As numerous industry experts have noted, social media is increasingly playing a key role in organizations' contact centers. More and more, individuals are turning to Facebook, Twitter and other channels to find support and express their satisfaction or lack thereof. Those organizations that ignore social media for these purposes risk being perceived as antiquated or unappreciative.
Yet adopting social media in the contact center can present a major challenge. As 1to1 Media contributor Rodney Kuhn recently noted, successful deployment requires both organization and collaboration.
Compared to traditional forms of customer service and support, social media is extremely chaotic. For one thing, there are many specific channels, and each one requires a different mode of response. Additionally, the appropriate response within a given channel will largely depend on the nature of the complaint, question or comment.
To adequately respond to all of these difficulties, firms must take steps to thoroughly train their agents and develop a comprehensive plan for various situations that may arise, according to Kuhn. Firms should do research to determine how many agents to assign to this task, as well as which social networks and types of comments should be prioritized.
If firms fail to properly organize and train their agents, Kuhn noted, they run the risk of high turnover. This is a serious problem for contact centers, as agents typically become much better at handling customers, clients and members as they gain experience. If agents are frustrated by the difficulty of social media and do not receive training to help them, they will likely quit.
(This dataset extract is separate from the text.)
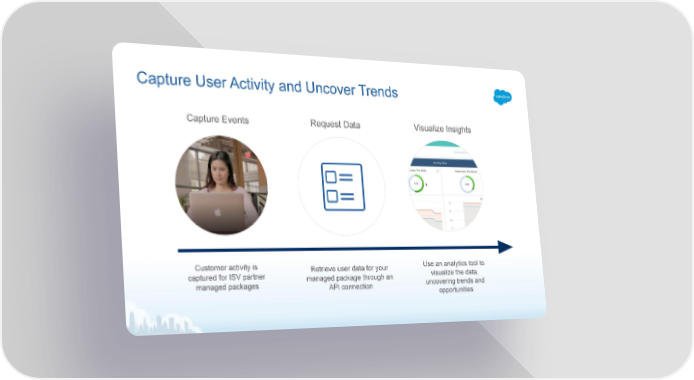 Capture User Activity and Uncover Trends Capture Events Request Data Visualize Insights Customer activity is Use an analytics tool to Retrieve user data for your captured for ISV partner visualize the data, managed package through an managed packages uncovering trends and API connection opportunities

Kuhn also noted that it is crucial for organizations to ensure that their agents work together with other employees to improve performance on social media channels. Many times, the person in charge of responding to social media complaints and questions will lack the expertise needed to handle a particular issue. To avoid delays, firms should create simple ways for agents to find the IT person or manager needed to resolve issues.
Achieving these goals can be a challenge. However, technology can help. Writing for CIO, David Taber noted that social customer relationship management (CRM) software in particular can be beneficial. These programs can organize, prioritize, find and analyze social media behavior, which can greatly reduce the stress placed on contact center agents.
Associations and nonprofits interested in improving their social media responses should consider upgrading to an advanced association management system that features easy-to-use social CRM tools.